I would also suggest that you change the bedtime routine quite radically. Bath & story etc is what you've been doing but it's clearly not working for her and she's getting beyond the baby/toddler phase and turning into a little girl. I would be inclined to give her a bit more responsibility. You could try bath and story, then some playtime in her room with free access to potty etc until 7.30 (which is a bit late, IMO, but if that's what she's used to). Then her nappy goes on and her light goes out. I would also institute a reward system for nights when she stays in bed without a fuss after lights out - perhaps a sticker chart or marbles in a jar with a treat when the chart/jar is full or something.

RosasMummy Fri 12-Oct-12 20:22:21

ZuleikaD,

thanks for your message but I was looking for some helpful suggestions rather than someone criticise my parenting and everything I am currently doing. She is in a cot bed so has plenty of space and is not caged in.
7.30 pm is a perfectly reasonable bedtime. She sleeps til 7.30am on nursery days and sleeps in a bit later on my days with her - I don't want her getting up at 6am!!

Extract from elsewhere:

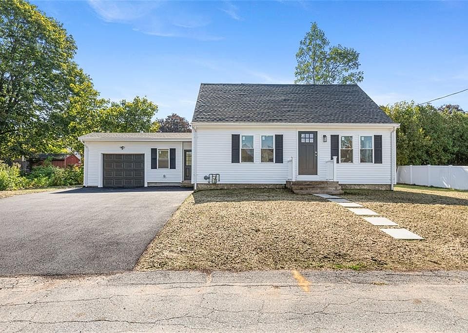 Stunning Fully Renovated Cape Cod style home in Cumberland. New kitchen equipped with stainless steel appliances and quartz countertops and soft close drawers. Freshly renovated hardwood floors throughout. A generously sized living Room and dining area with a first floor bedroom. New First floor full bathroom with quartz vanity and tiled tub and shower surround. Upstairs has a perfect spot for a home offices/sitting room, bedroom with deep closet. A large full bathroom with mosaic tile floors and tiled shower complete the upstairs. New Forced Air Heating System, New Insulated Windows, New Air-conditioning, New architectural style roof, New two-lane Driveway. New Garage door with insulated walls. New Septic System. Convenient location and minutes to highway, shopping, restaurants. This is a must see!

ZuleikaD Sat 13-Oct-12 06:18:04

I'm not criticising 'your parenting and everything you're doing' - if you're going to ask for advice on a public forum then you must expect people to sometimes say 'no, I think you could be doing that differently, here's some ideas of what might work'.

If what you wanted was to be told that this is all your daughter's problem and how to 'fix' her then you've come to the wrong place. I told you I think you could rethink your bedtime routine because your daughter is clearly trying to communicate very hard with you that she's not happy with what you're doing. I suggested she might feel caged (it's really not a question of how big the cot is, it's still a cage) and that she's getting distressed about having to wee in her nappy. You are free to ignore my suggestions, of course, and continue treating her like a baby, but then expect her to continue smearing poo around when she can get her hands on it. Treat her like a baby and she'll act like one.

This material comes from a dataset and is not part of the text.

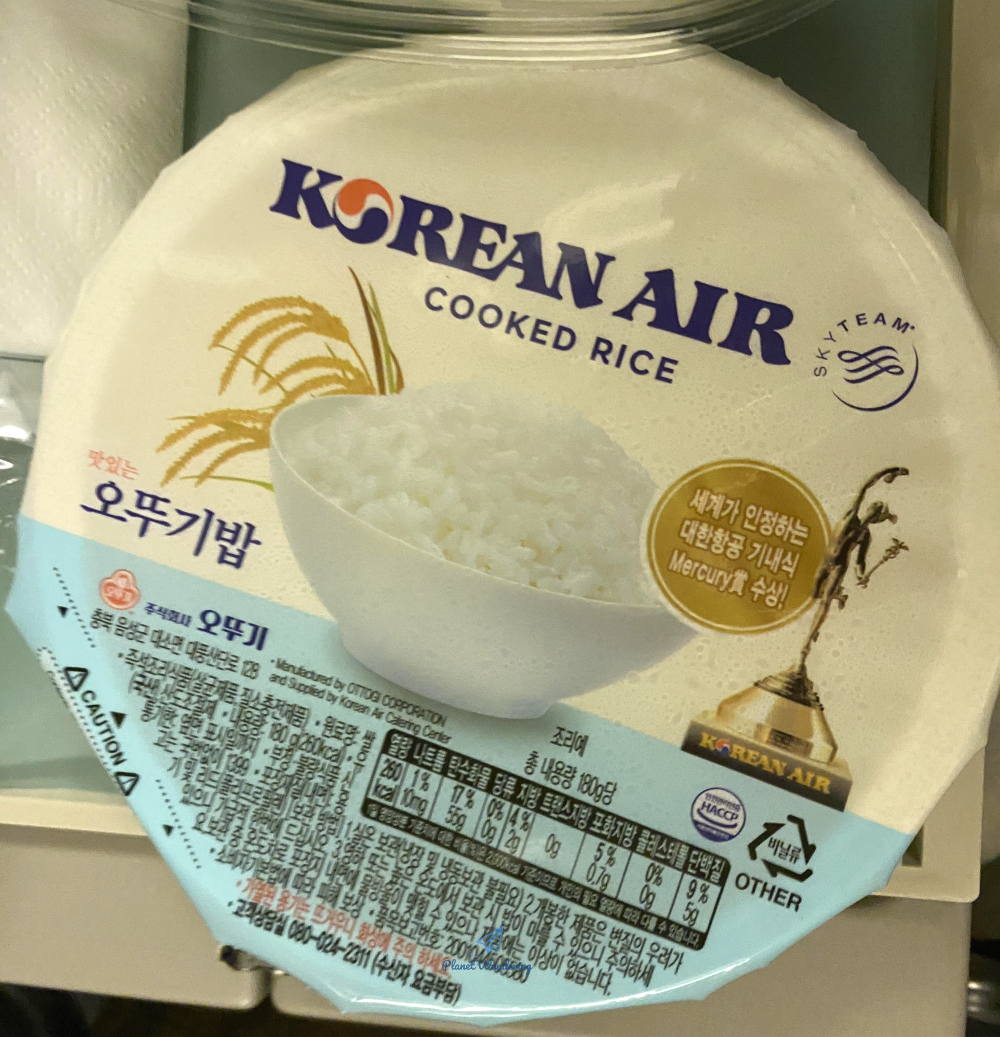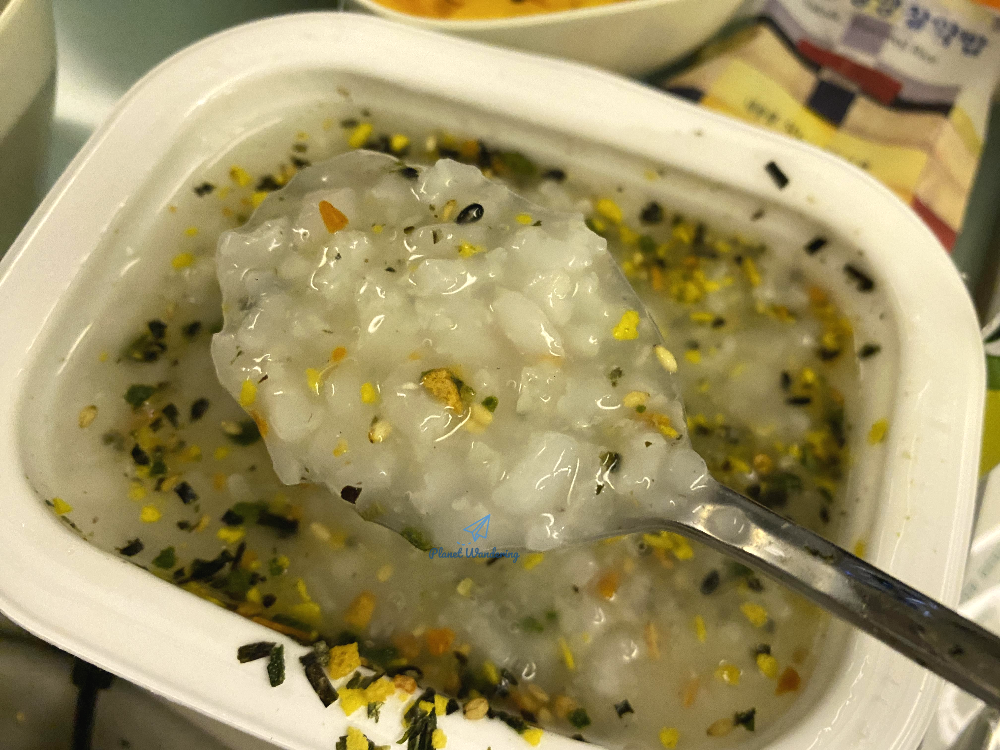 모든 조명이 켜지고 아침이 되었습니다. 실제로 라스베이거스는 오후 시간대지만 말이죠. 이제 아침밥을 나눠줍니다. 아침식사는 오믈렛과 죽 2가지였던 것 같은데 족을 선택했습니다. 흰쌀죽도 오뚜기 제품이군요. 아마 오뚜기와 대한항공이 밀접한 비즈니스 관계를 맺고 있는 모양이네요.

If you're convinced that you're doing everything right, why ask for advice?

BlackSwan Sat 13-Oct-12 07:36:29

OP, I think ZD was offering you considered advice and didn't deserve to be shot down for it. Clearly you're frustrated with the situation - who wouldn't be. But if what you're doing isn't solving this issue, then you should try something different.

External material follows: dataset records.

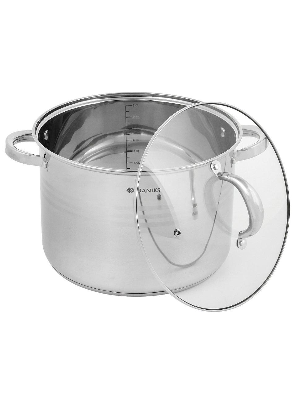 Кастрюля Daniks 10 л из нержавеющей стали с мерной шкалой и стеклянной крышкой — оптимальный выбор для дома, дачи и профессиональной кухни. Готовьте суп, пельмени или макароны без хлопот благодаря универсальной совместимости с индукцией и газом.
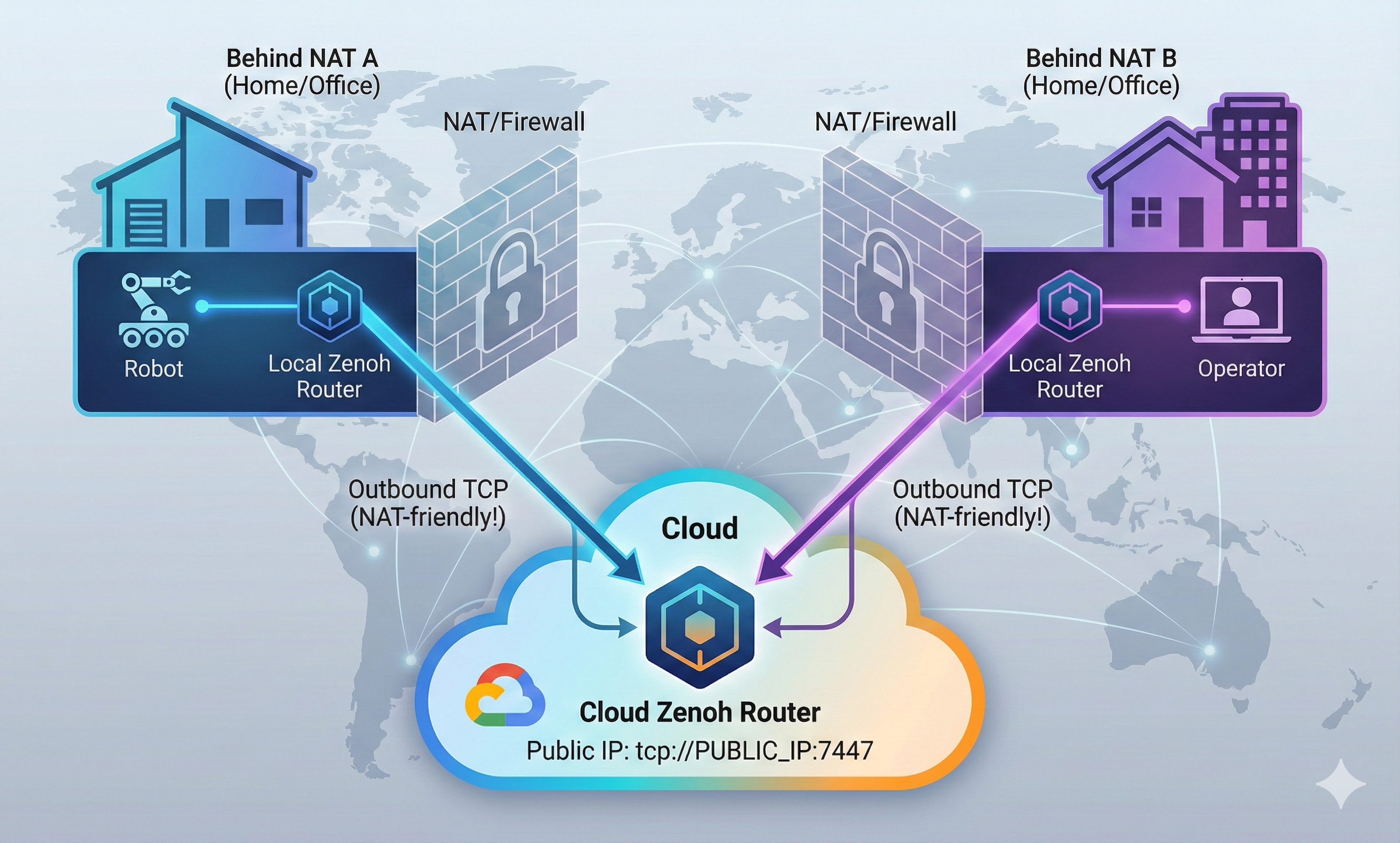 Unlike DDS which requires port forwarding or VPN, Zenoh routers can establish outbound connections to a cloud router, allowing communication across NATs.
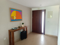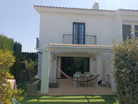 Alquiler de chalet de 2 plantas. En planta baja: cocina, salón y baño. En planta alta: 4 dormitorios y 2 baños completos. Jardín privativo y piscina comunitaria. Provista de aire acondicionado (frío/calor) y ventiladores en todas las habitaciones, en salón con ventilador y estufa pellets. Servicio de Internet fibra wifi y 3 TV. Dispone de cama matrimonial, 5 camas individuales y 1 litera, para un máximo de 9 personas. Dispone de plaza de garaje en sótano.
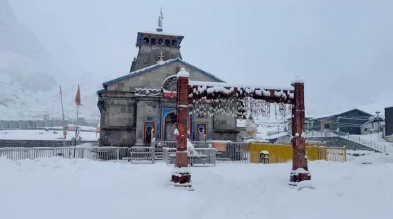 केदारनाथ धाम की बर्फबारी ने बढ़ाई यात्रियों की चिंता, मौसम अलर्ट जारी

How do you react when she does this to her cot? Have you read any advice from experts on this messy problem - you're not the first person to experience this. Just google 'toddler poo smearing' and youre on your way. Also, I think the book 'Toddler Taming' written by a paed, deals with this. Worth a read.

We didn't experience smearing, but we had a couple of alarming incidents of poos in the bath. My solution was to tell him we were throwing the bath out (it was a baby bath) because it was dirty, and then he had to have showers for a week until we got a new one! Now he tells me if he needs a wee when he is in the bath!

I would make it clear the behaviour is not acceptable, but mix things up a bit so she's not in her old routine where she can comfortably continue the behaviour. If she can reach into a pull-up, why not use nappies instead? She would have to be pretty dextrous to reach in from the side as the waist band/tapes wouldn't allow her to reach in from the top. Or how about a nice, all in one suit? Make it impossible for her to continue. You're going to have to be smart about this little brain teaser!

Don't worry - this isn't going to last forever.

TheCountessOlenska Sat 13-Oct-12 07:52:52

I was coming on to say more or less what Zuleika said, sorry OP!

My DD is the same age and we have had A LOT of problems with bedtime/ sleep and still have 1 night waking per night so I really don't think of myself as an expert or anything (!!) BUT it does sound to me like you are "babying" her a bit - still having the side bars in the cot bed, and putting her in babygrows. I think she is responding to feeling powerless by acting up around the poo/wee issues. I think Zuleika's suggestions are good ones.

My DD goes to sleep at about 8.30 some nights (due to my disorganisation) so I think 7.30 very reasonable!!